■ Information shown ■

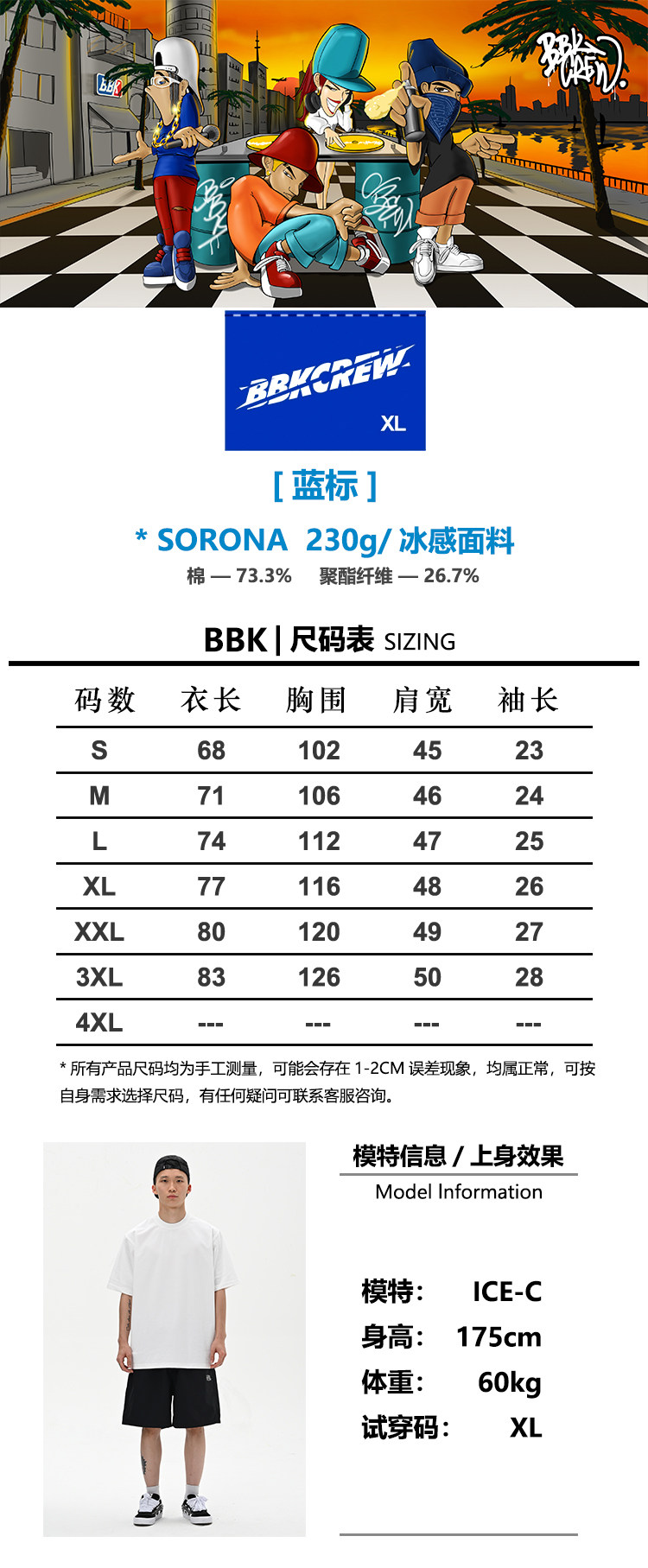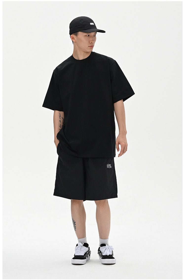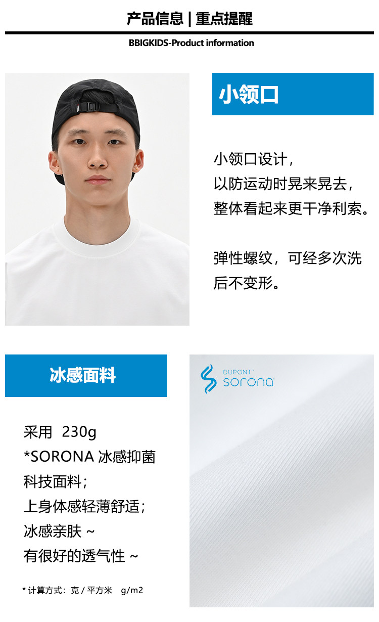 BBK 230g涼感索羅娜 純色T恤BBOY寬松淨色小領口打底短袖街舞滑板
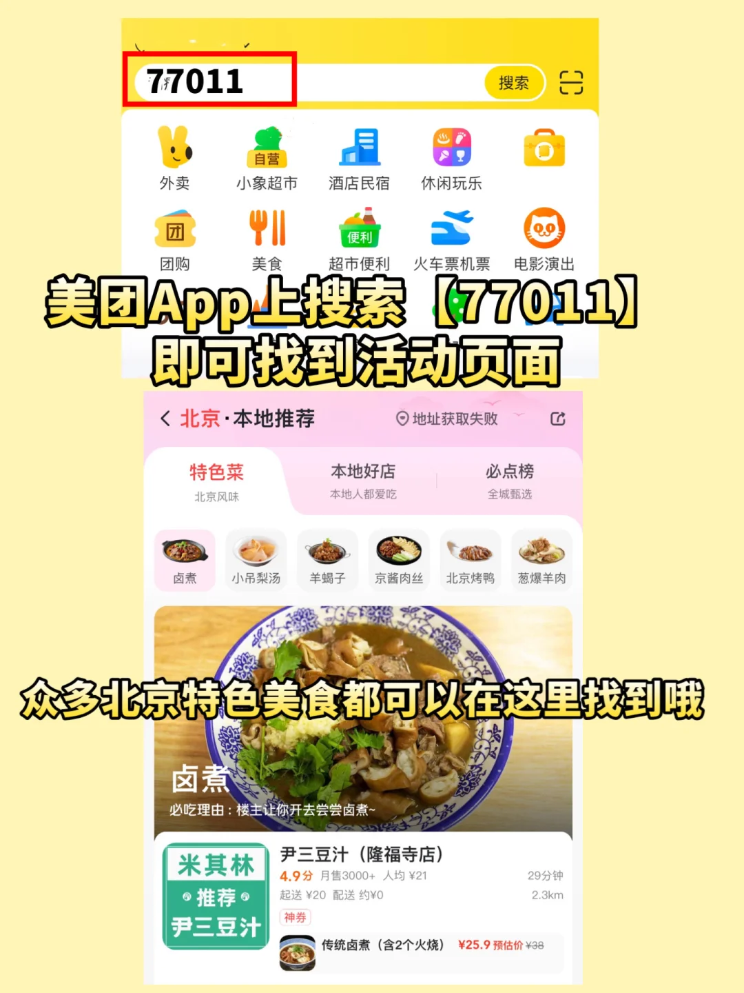 在美团/美团外卖App搜索【77011】进入活动页面,北京特色小吃都可以在美团外卖上点到
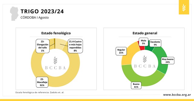 El estado fenológico del cultivo se concentra principalmente en macollaje, con un 8% de los lotes en estadios fenológicos anteriores.
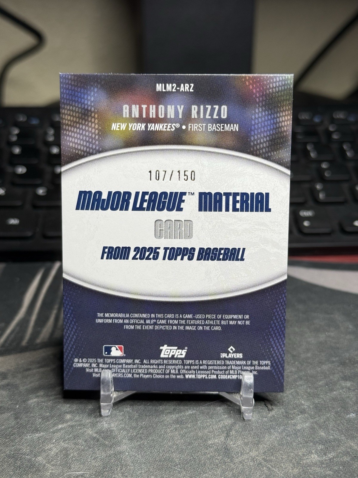 The 2025 Topps Series 2 Anthony Rizzo /150 Major League Material Patch #MLM2-ARZ is a highly collectible sports trading card featuring an oversized patch of memorabilia from Anthony Rizzo of the New York Yankees. This limited edition card is part of the 2025 Topps set, with only 150 copies in existence. It is a great addition for baseball fans and collectors looking to own a piece of Major League history.
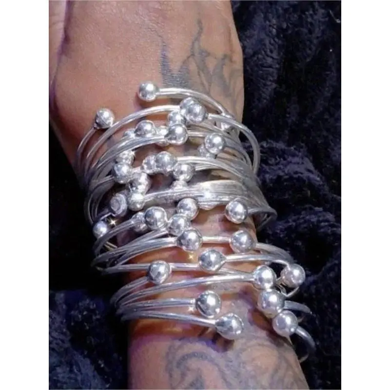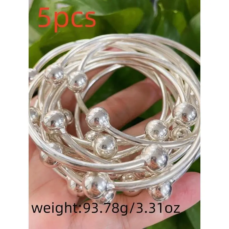 5. 5pcs/10pcs Retro Boho Thick Bangles,Ball Silvery Bangles Bracelet, Boho Stacking Bangles, Handmade Silvery Bangles for Women Daily Party Jewelry Gifts silver
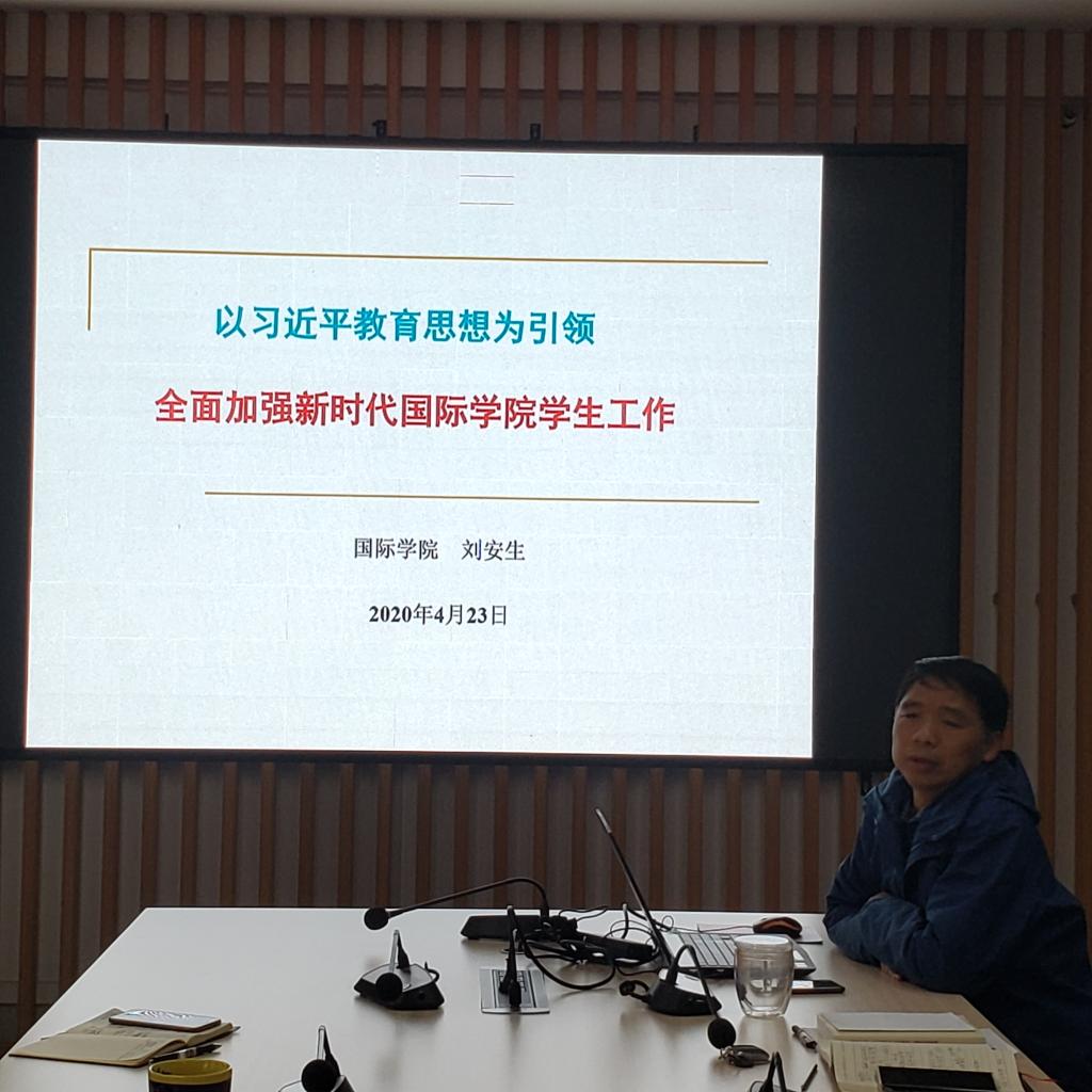 刘安生以“以习近平教育思想为引领,全面加强新时代国际学院学生工作”为题作辅导报告。他在报告中提出新时代学生工作要全面掌握其内涵与任务,要遵循“六个下功夫”的指导思想,要坚持“十个加强”;切实改进和加强学院学生工作要加强学生党建引领、学风建设、构建“五位一体”留学生思想教育体系以及辅导员队伍建设。报告既有理论深度,又有实操性,既是多年来丰富的学生工作经验的传授,也是对学院学生工作的总要求。
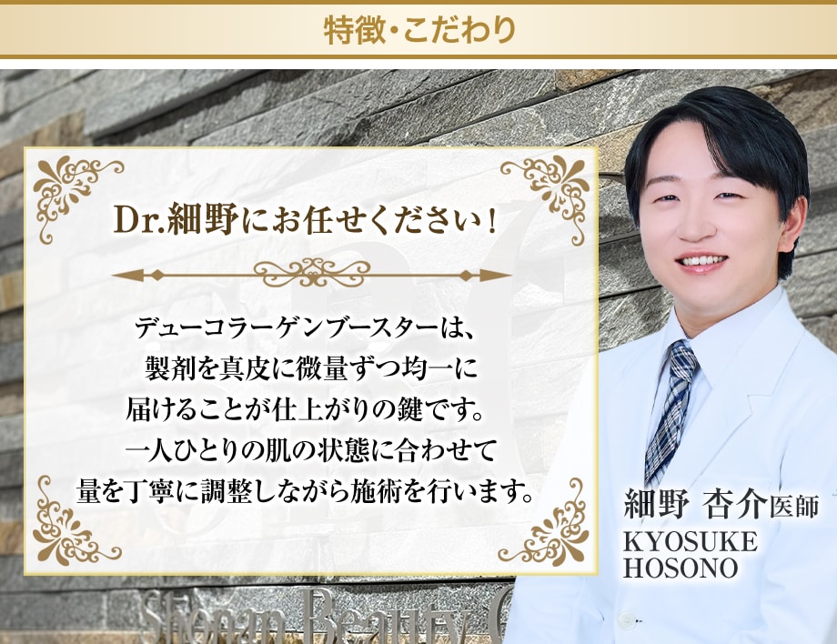 ヒアルロン酸が「注入直後にボリュームを出す」治療であるのに対し、デューコラーゲンブースターは**「コラーゲンの土台を補い、時間とともに肌質を回復させる」** アプローチです。自然な仕上がりで、治療したことが目立ちにくい点も特徴のひとつです。
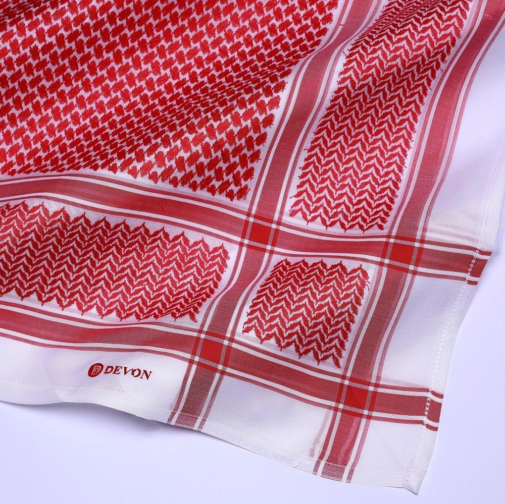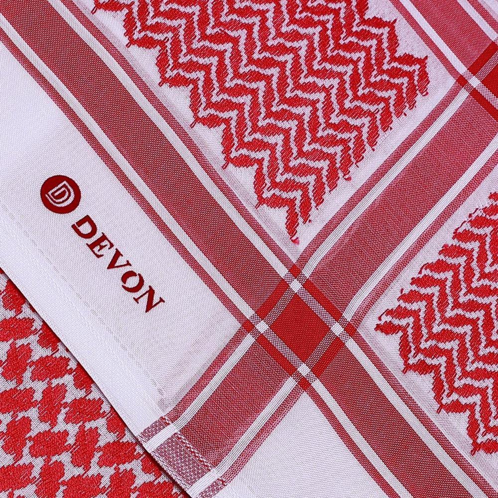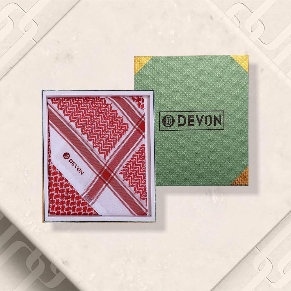 شماغ احمر فاخر من ماركة ديفون DEVON، ديفون شماغ يجمع بين الأصالة والأناقة تم تصميمه بمعايير أوروبية في صناعة الشماغ الأصلي والذي يمنحك مظهراً انيقاً ومصنوعة من خيوط ناعمة ودقيقة
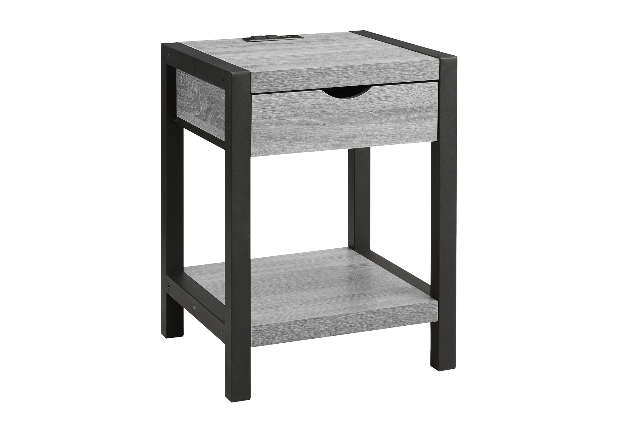 ACCENT TABLE – 24″H / GREY / BLACK METAL USB / PLUG
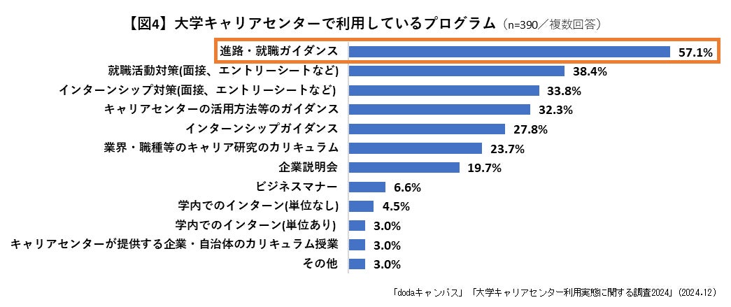・利用したことがあるプログラムの1位は「進路・就活ガイダンス」(57.7%)、今後利用したいプログラムの1位は「就活対策(面接、エントリーシートなど)」(63.3%)で、それぞれ全体の約6割を占める。
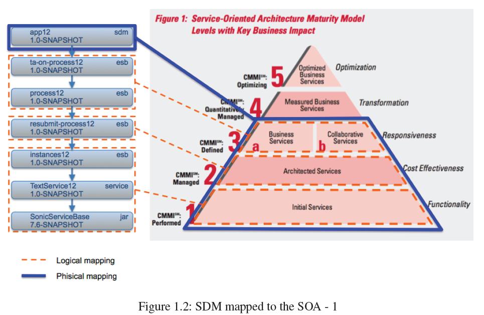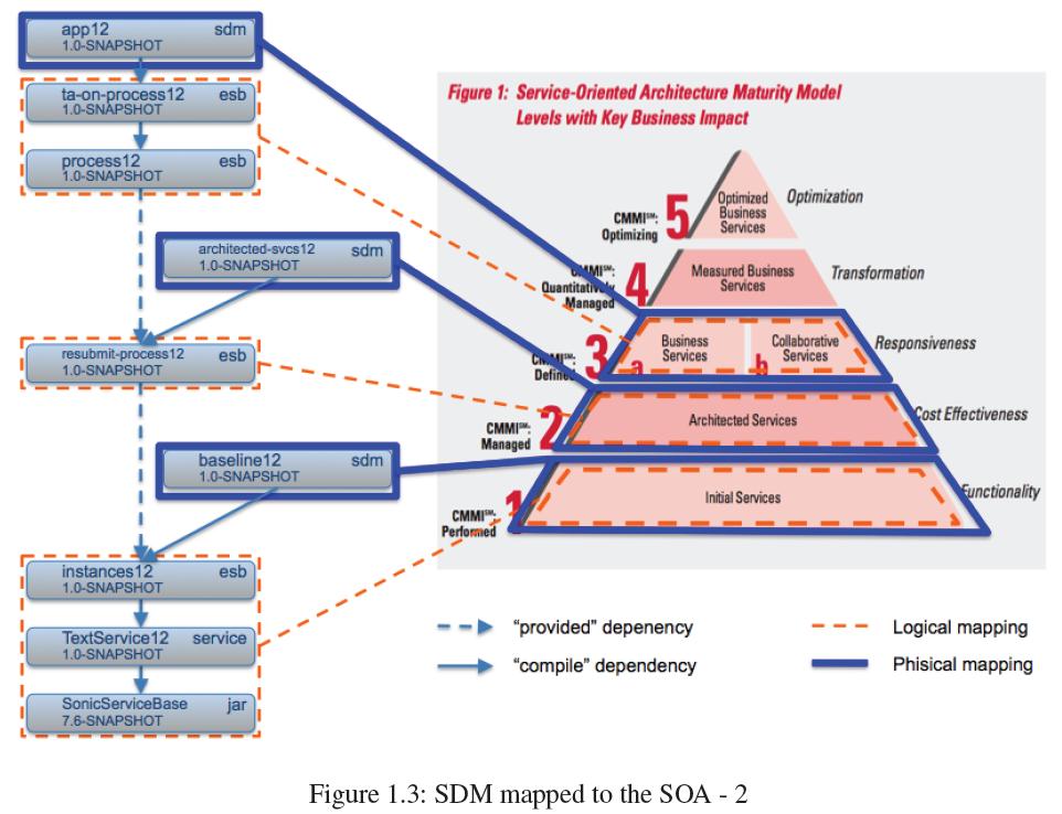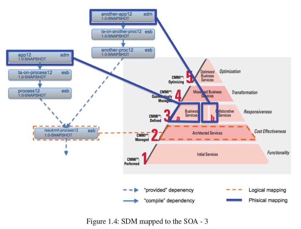 In a large project it would be desirable to have a physical mapping for each layer, and, moreover, for the last layer, the business layer, a SDM model for each business application in order to have a different life cycle for each business application. Using provided dependencies it is possible to define cut points in the dependency graph and limit the contents of the generated SDM model. Now in order to define all the SOA stack a single SDM model is not enough and a model for each layer is needed. These concepts are shown by the figure "SDM mapped to the SOA - 2".
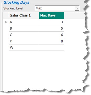 Displays all system-seeded 'Sales Class 1' values. Note: It is not possible to edit/remove any 'Sales Class 1' values from the 'Stocking Days' grid.
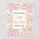 Tropiska blad moderna rosa bröllop Spara datum Meddelande Vykort
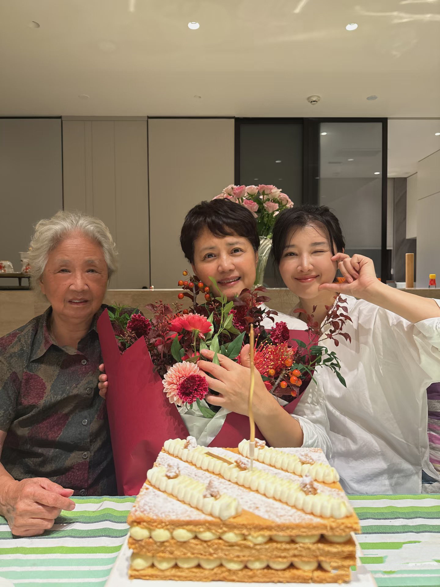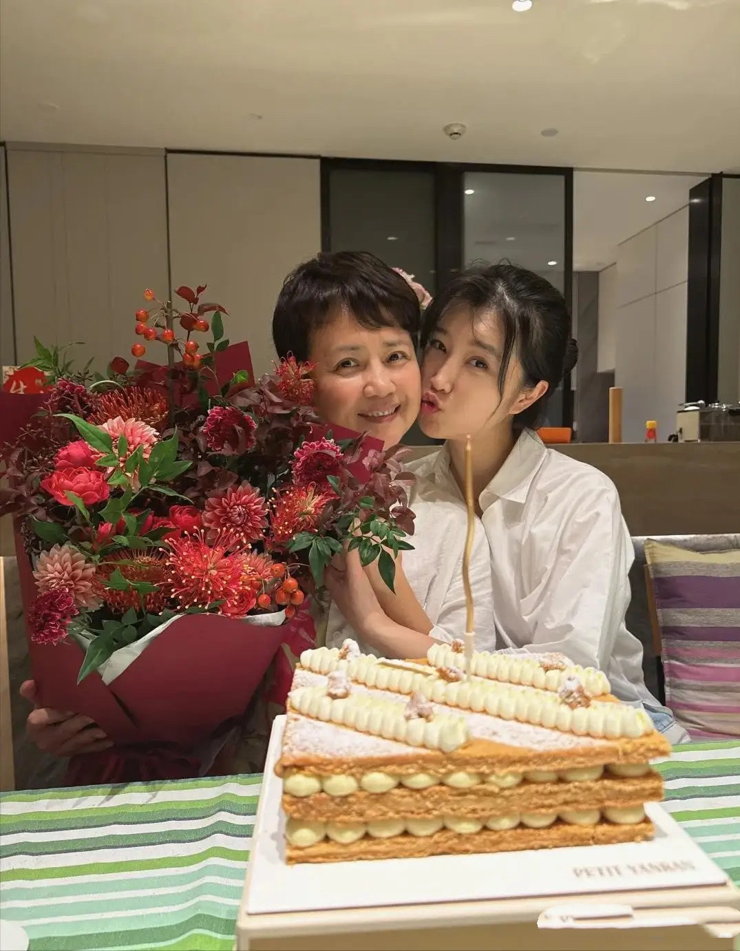 从她生日时的全家福照片能看出来,岁月在她脸上留下的痕迹并不明显,整个人的状态特别好。
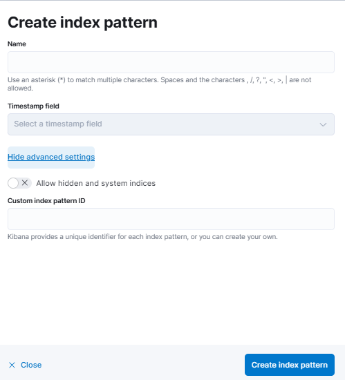 - Click Create index pattern

■ Problem ■
From the records above, return exactly the lines running from the one that contains "El estado fenológico" down to the one that contains "ヒアルロン酸が「注入直後にボ", both included, without any pictures.

■ Written solution ■
 El estado fenológico del cultivo se concentra principalmente en macollaje, con un 8% de los lotes en estadios fenológicos anteriores.
 The 2025 Topps Series 2 Anthony Rizzo /150 Major League Material Patch #MLM2-ARZ is a highly collectible sports trading card featuring an oversized patch of memorabilia from Anthony Rizzo of the New York Yankees. This limited edition card is part of the 2025 Topps set, with only 150 copies in existence. It is a great addition for baseball fans and collectors looking to own a piece of Major League history.
 5. 5pcs/10pcs Retro Boho Thick Bangles,Ball Silvery Bangles Bracelet, Boho Stacking Bangles, Handmade Silvery Bangles for Women Daily Party Jewelry Gifts silver
 刘安生以“以习近平教育思想为引领,全面加强新时代国际学院学生工作”为题作辅导报告。他在报告中提出新时代学生工作要全面掌握其内涵与任务,要遵循“六个下功夫”的指导思想,要坚持“十个加强”;切实改进和加强学院学生工作要加强学生党建引领、学风建设、构建“五位一体”留学生思想教育体系以及辅导员队伍建设。报告既有理论深度,又有实操性,既是多年来丰富的学生工作经验的传授,也是对学院学生工作的总要求。
 ヒアルロン酸が「注入直後にボリュームを出す」治療であるのに対し、デューコラーゲンブースターは**「コラーゲンの土台を補い、時間とともに肌質を回復させる」** アプローチです。自然な仕上がりで、治療したことが目立ちにくい点も特徴のひとつです。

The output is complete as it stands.